╭─ Data below

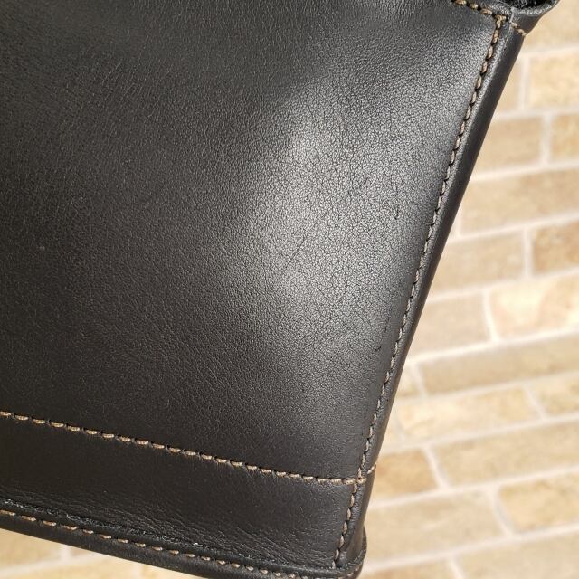 未使用品ですが、保管時にできた軽い線状のスレが外装レザーの所々にあります。
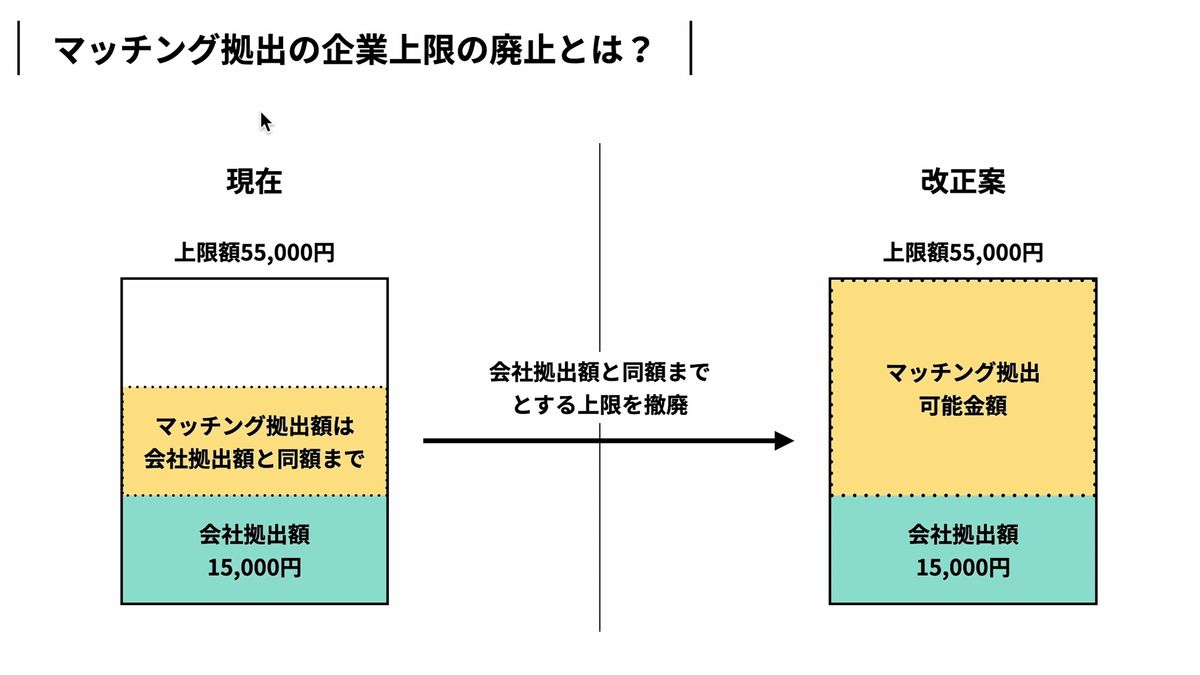 あんまりにもマッチング拠出が少ないから、それだったらマッチングせずにiDeCoをやろうかなというケースがあったんですが、この会社拠出額を上限とするという、この上限を撤廃したので。2026年の4月からは会社が出しているお金がいくらであろうと、55,000円の枠があったら、残り部分は全部マッチング拠出でお金を出していいですよと変わるんですね。
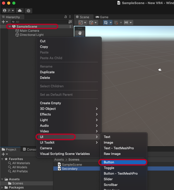 Create > Scene해서 이름을 Secondary로 변경합니다.
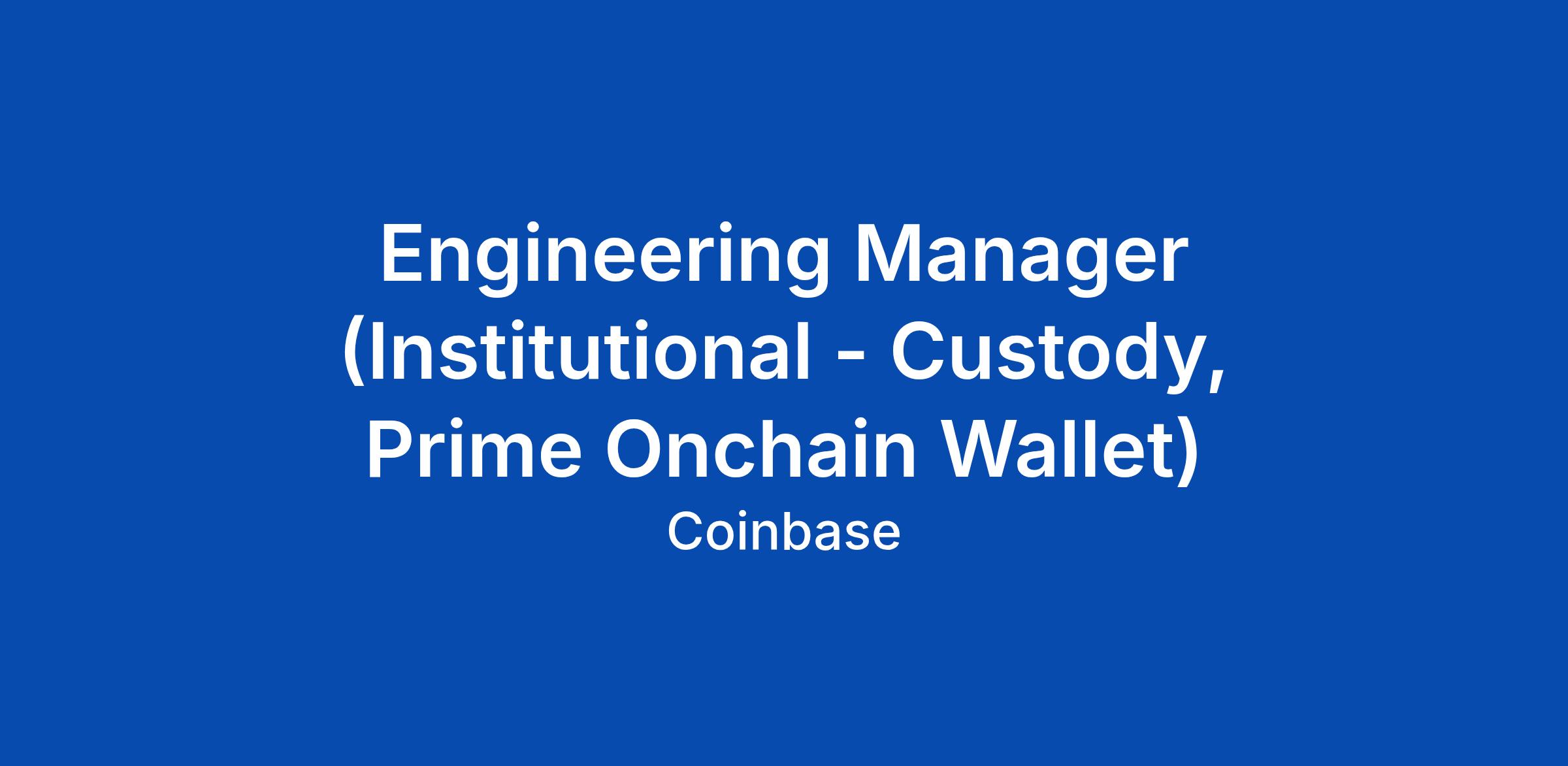 Engineering Manager (Institutional - Custody, Prime Onchain Wallet)

╰─

▶ Description of the task
Without including any images, output the data exactly as given.

▶ Answer space
 未使用品ですが、保管時にできた軽い線状のスレが外装レザーの所々にあります。
 あんまりにもマッチング拠出が少ないから、それだったらマッチングせずにiDeCoをやろうかなというケースがあったんですが、この会社拠出額を上限とするという、この上限を撤廃したので。2026年の4月からは会社が出しているお金がいくらであろうと、55,000円の枠があったら、残り部分は全部マッチング拠出でお金を出していいですよと変わるんですね。
 Create > Scene해서 이름을 Secondary로 변경합니다.
 Engineering Manager (Institutional - Custody, Prime Onchain Wallet)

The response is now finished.